__Material provided__
--- START ---

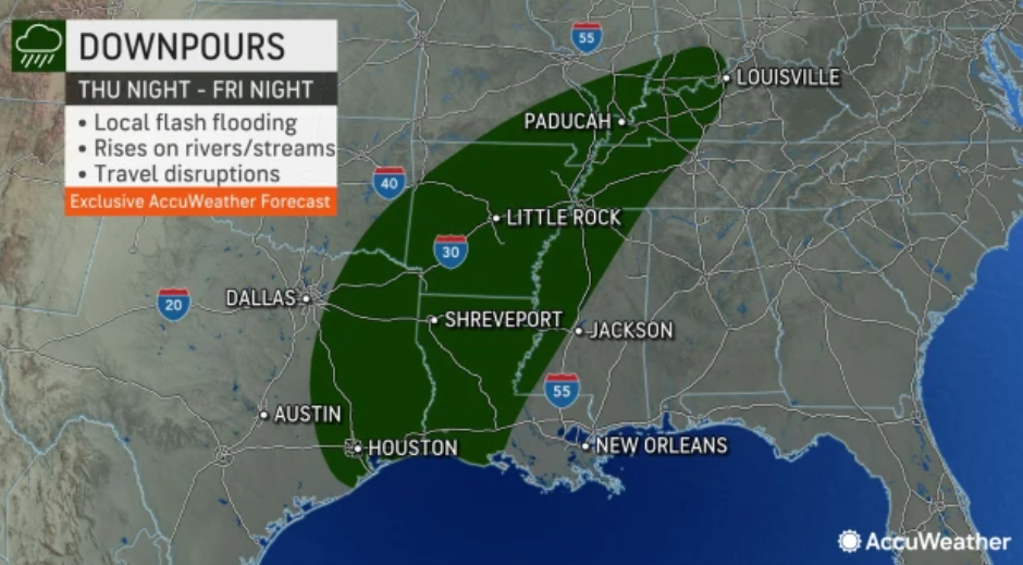 Flash flood threats are posted through Friday for eastern Texas and Louisiana to western Kentucky and southern Indiana.
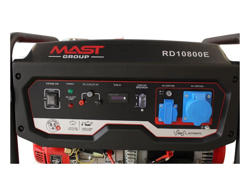 Бензиновий генератор MAST GROUP RD10800E призначений для постійного, резервного і аварійного живлення приватних будинків, торгових точок, закладів громадського харчування, офісів і невеликих виробництв. Також може використовуватися як мобільше джерело електроенергії для комунальних і дорожніх служб. Номінальна потужність - 8 кВт, вихідна напруга 230 В.
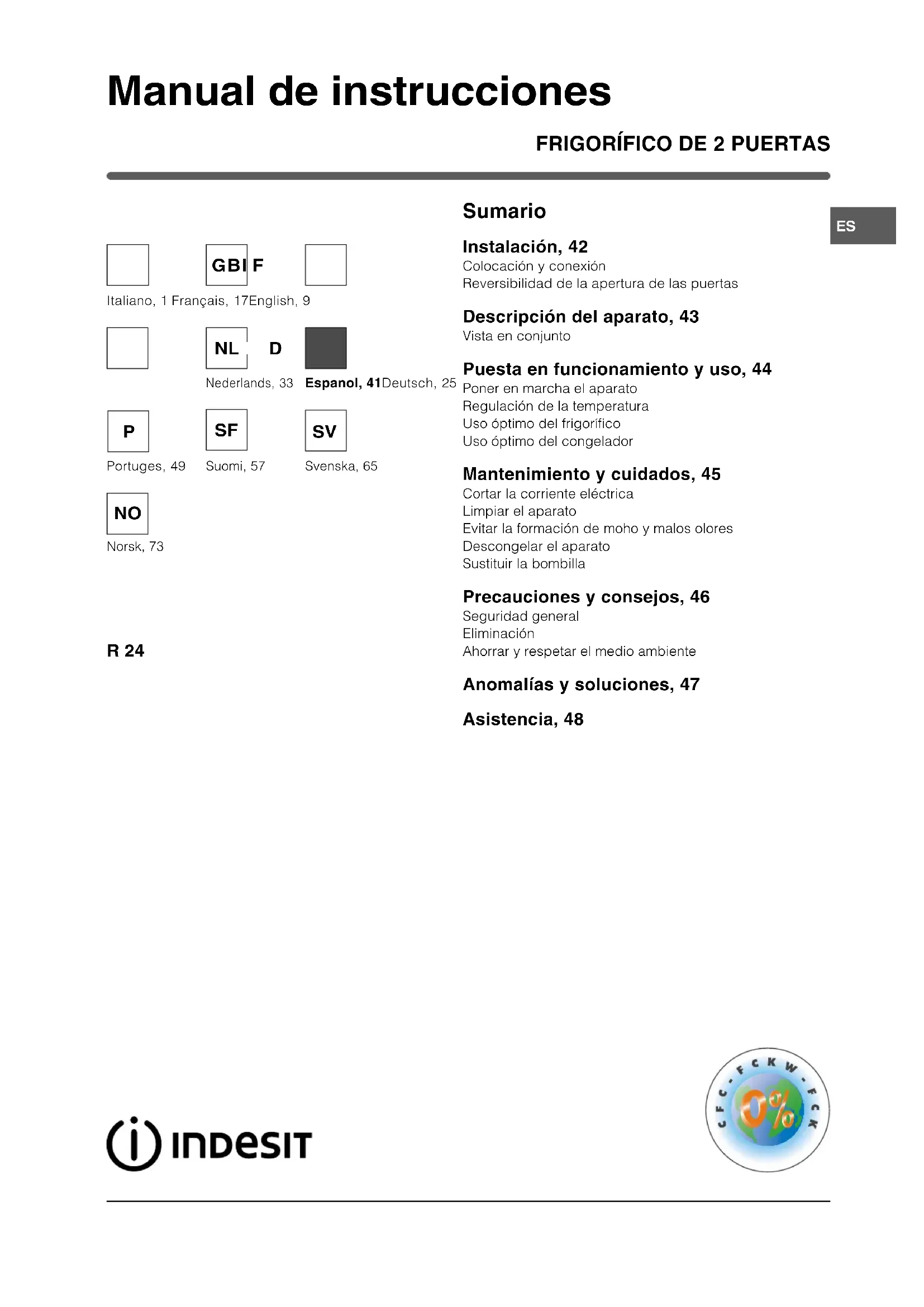 Sumario Instalación, 42 Colocación y conexión Reversibilidad de la apertura de las puertas Descripción del aparato, 43 Vista en conjunto Puesta en funcionamiento y uso, 44 Poner en marcha el aparato Regulación de la temperatura Uso óptimo del frigorífico Uso óptimo del congelador Mantenimiento y cuidados, 45 Cortar la corriente eléctrica Limpiar el aparato Evitar la formación de moho y malos olores Descongelar el aparato Sustituir la bombilla Precauciones y consejos, 46 Seguridad general Eliminación Ahorrar y respetar el medio ambiente Anomalías y soluciones, 47 Asistencia, 48 Manual de instrucciones R 24 Italiano, 1 Français, 17English, 9 GBI F Nederlands, 33Espanol, 41Deutsch, 25 NL ESD Portuges, 49 Suomi, 57 Svenska, 65

--- END ---

__Problem statement__
Exactly as written, please give again the lines from the beginning of the listing through the line containing "Бензиновий генератор MAST", inclusive, without any pictures.

__Exercise result__
 Flash flood threats are posted through Friday for eastern Texas and Louisiana to western Kentucky and southern Indiana.
 Бензиновий генератор MAST GROUP RD10800E призначений для постійного, резервного і аварійного живлення приватних будинків, торгових точок, закладів громадського харчування, офісів і невеликих виробництв. Також може використовуватися як мобільше джерело електроенергії для комунальних і дорожніх служб. Номінальна потужність - 8 кВт, вихідна напруга 230 В.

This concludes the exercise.